A two-stage convex optimization methodology is proposed to solve the fixed-outline floorplanning problem. It is a global optimization problem for wirelength minimization. In the first stage, an
attractor-repeller convex optimization model provides the relative positions of the modules on the floorplan. The second stage places and sizes the modules using convex optimization. Given the relative positions of the modules from the first stage, a Voronoi diagram and Delaunay triangulation method is used to obtain
a planar graph and hence a relative position matrix connecting the two stages. An efficient method for generating sparse relative position matrices and an interchange-free algorithm for local
improvement of the floorplan are also presented.
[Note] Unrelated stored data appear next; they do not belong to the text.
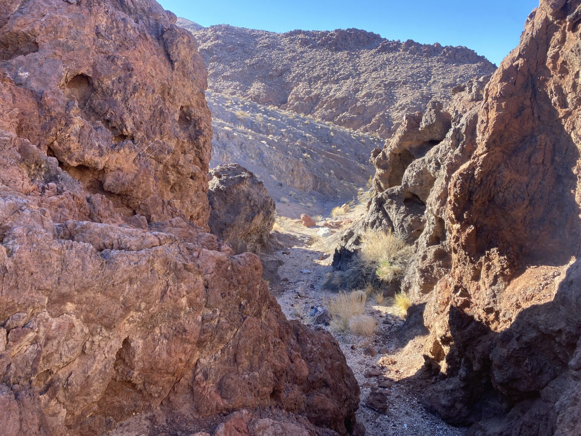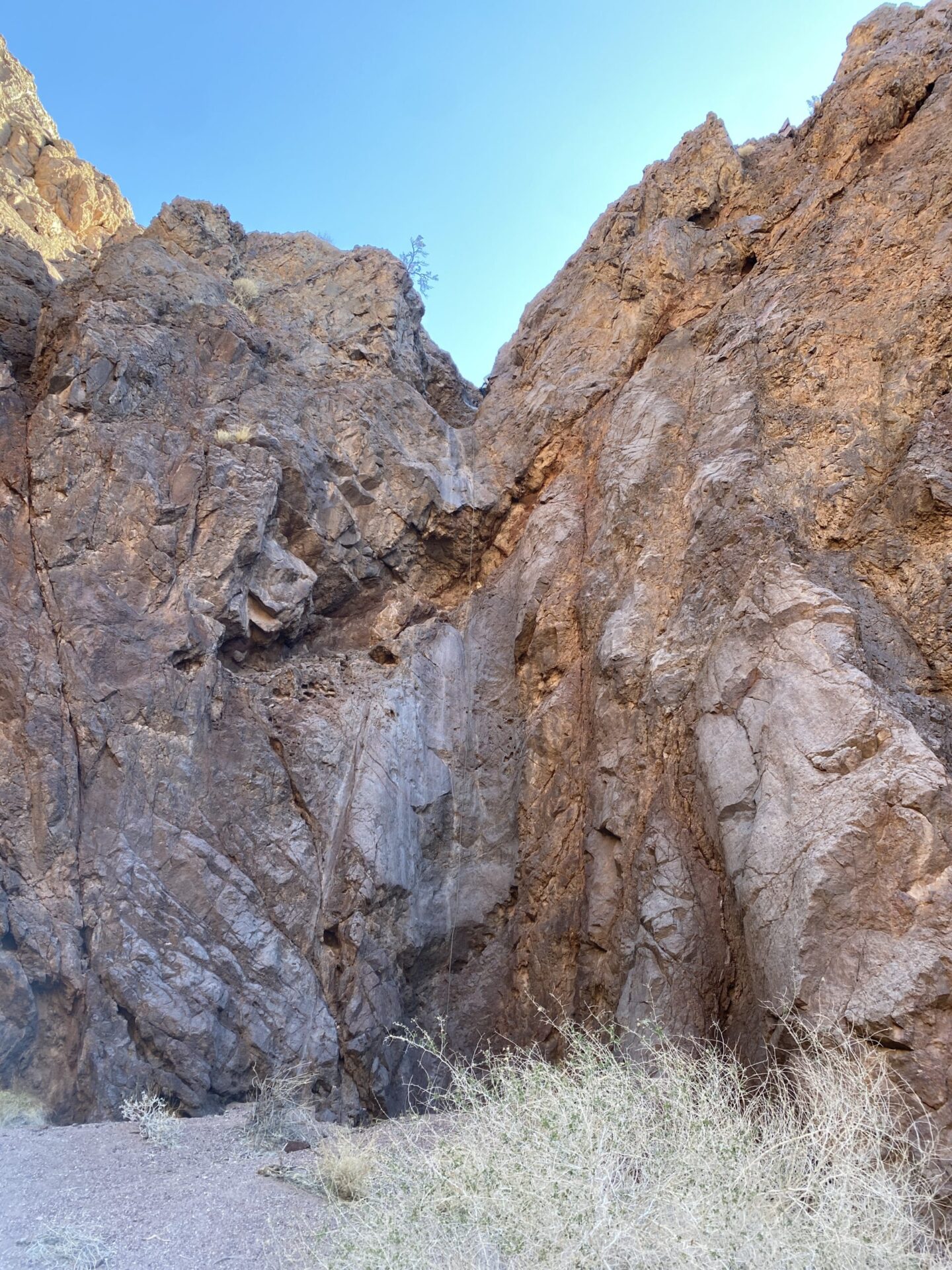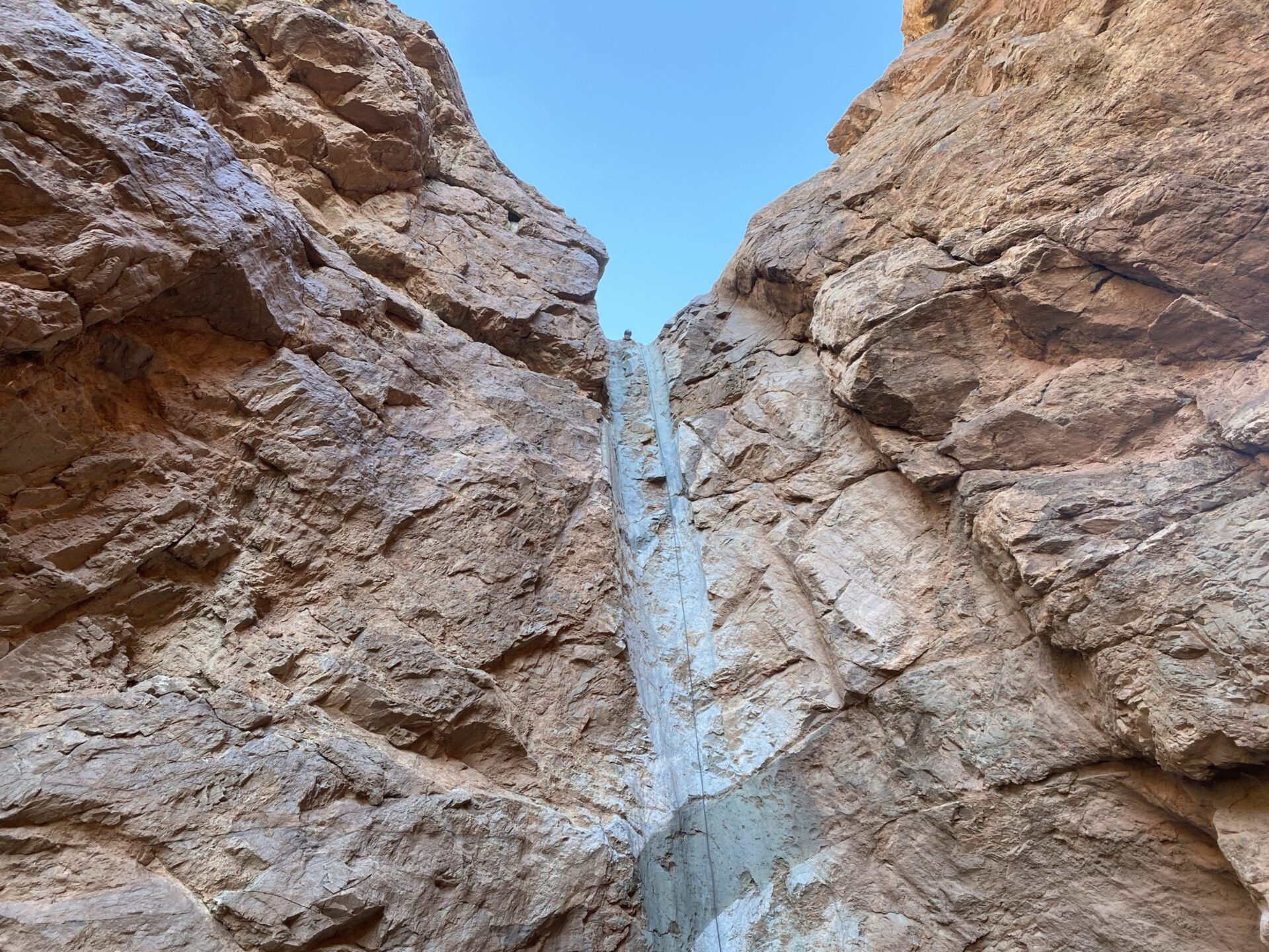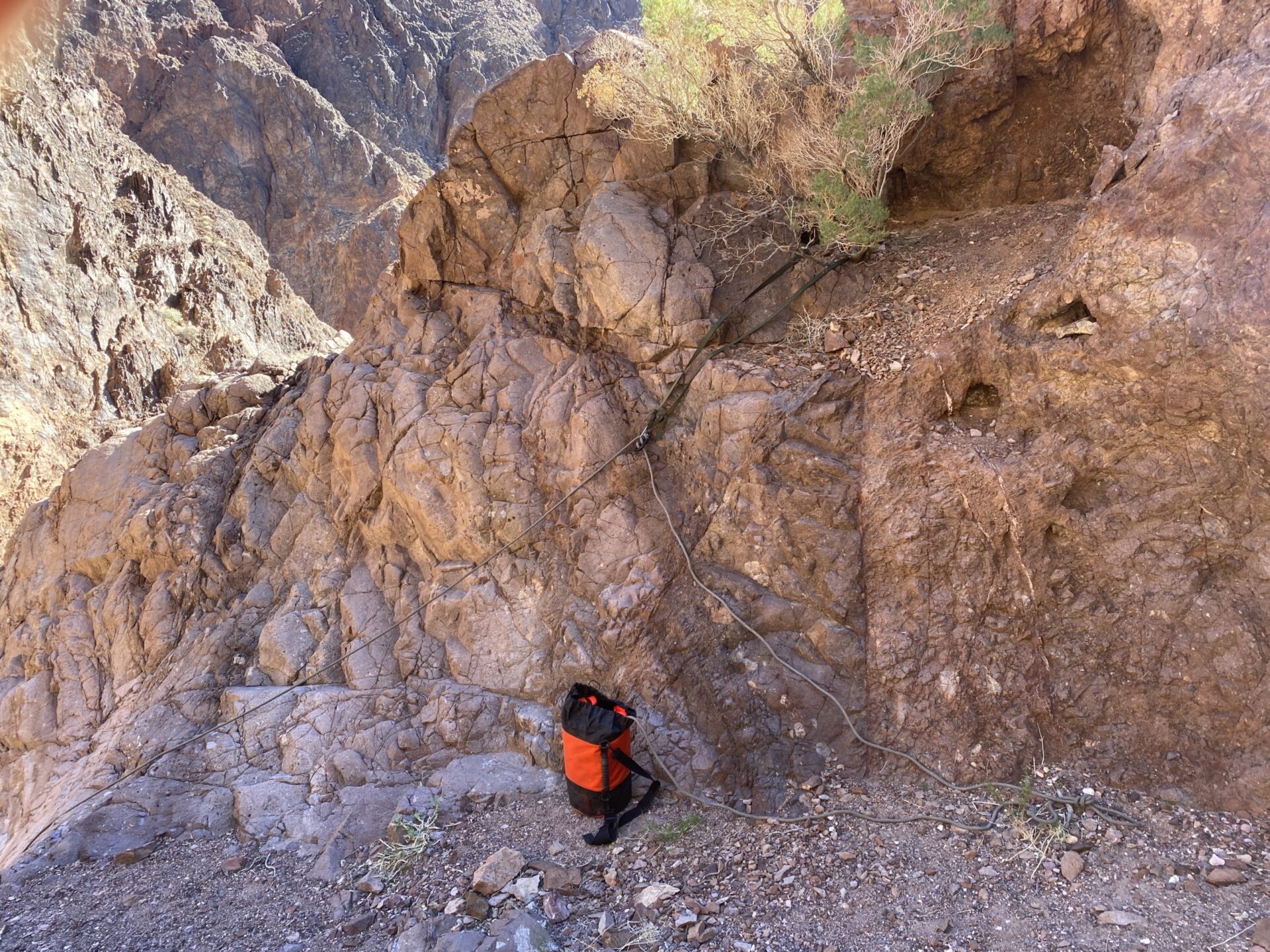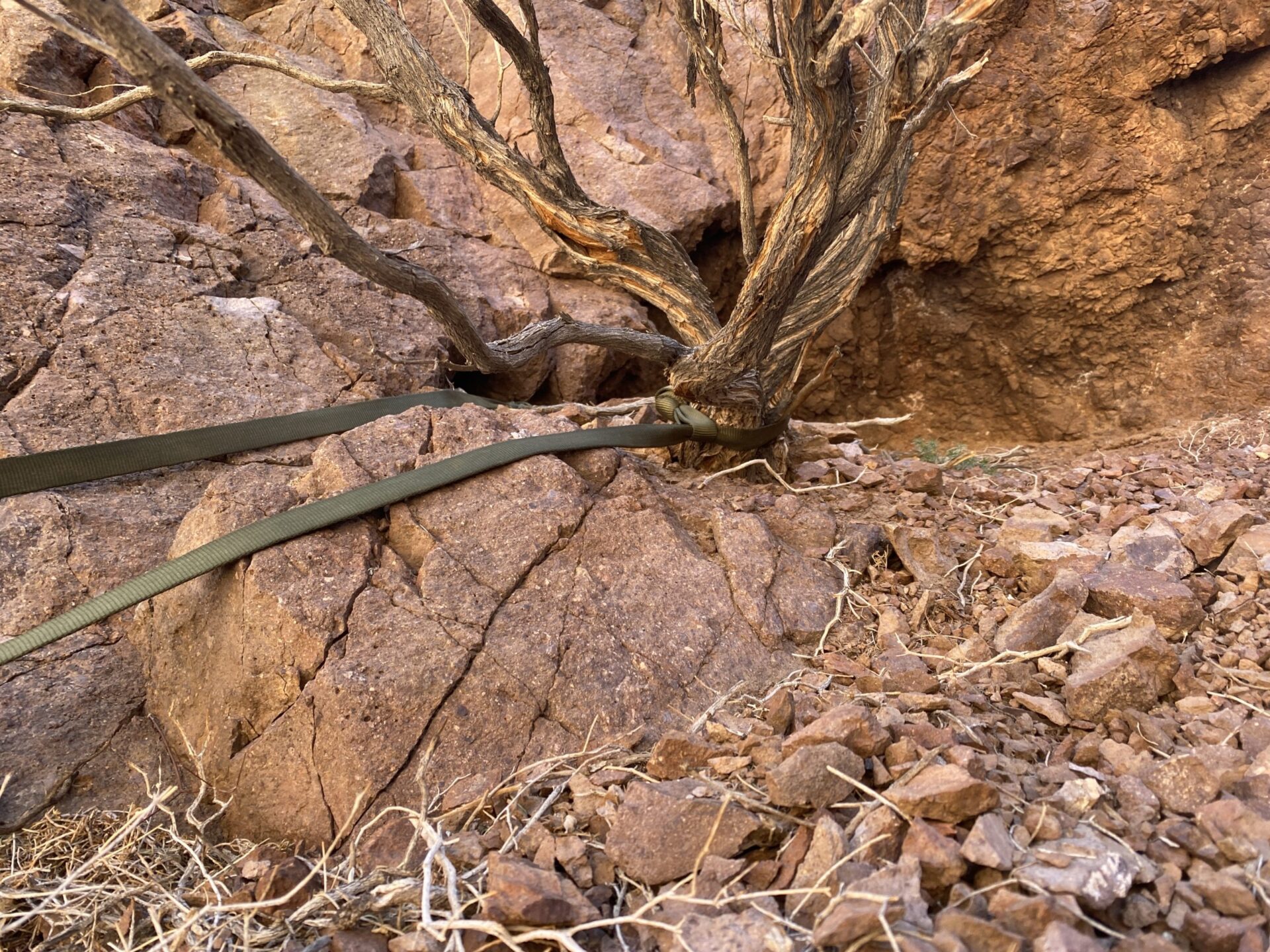 We walked a little from the first rappel and then hit the first technical section with several back to back rappels. The third rappel was the first bush/tree rappel I’ve done in Death Valley where shrubbery typically isn’t present in the canyon. Rappelling 220 lbs off a bush/tree the size of my wrist in a canyon of rock (where are those roots going?) was interesting, but hanging on the webbing around the organic anchor’s base showed almost no movement.
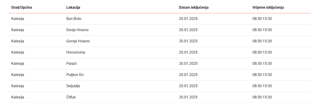 U pojedinim dijelovima Kalesije danas će doći do privremene obustave isporuke električne energije u vremenu od 8:30 do 15:30 sati.
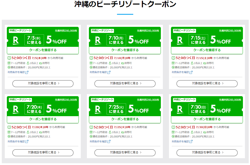 こちらは、沖縄に行かれる方は0と5の付く日に予約されると5%のクーポンが使えます。

Experimental results on the standard benchmarks MCNC and GSRC demonstrate that we obtain significant improvements on the best results in the literature. Overlap-free and deadspace-free floorplans are achieved in a fixed outline and floorplans with any specified percentage of whitespace can be produced. Most important, our method provides a greater improvement as the number of modules increases. A very important feature of our methodology is that not only do the dimensions of the floorplans in our experiments comply with the original ones provided in the GSRC
benchmark, but also zero-deadspace floorplans can be obtained. Thus, our approach is able to guarantee complete area utilization in a fixed-outline situation. Our method is also applicable to area minimization in classical floorplanning.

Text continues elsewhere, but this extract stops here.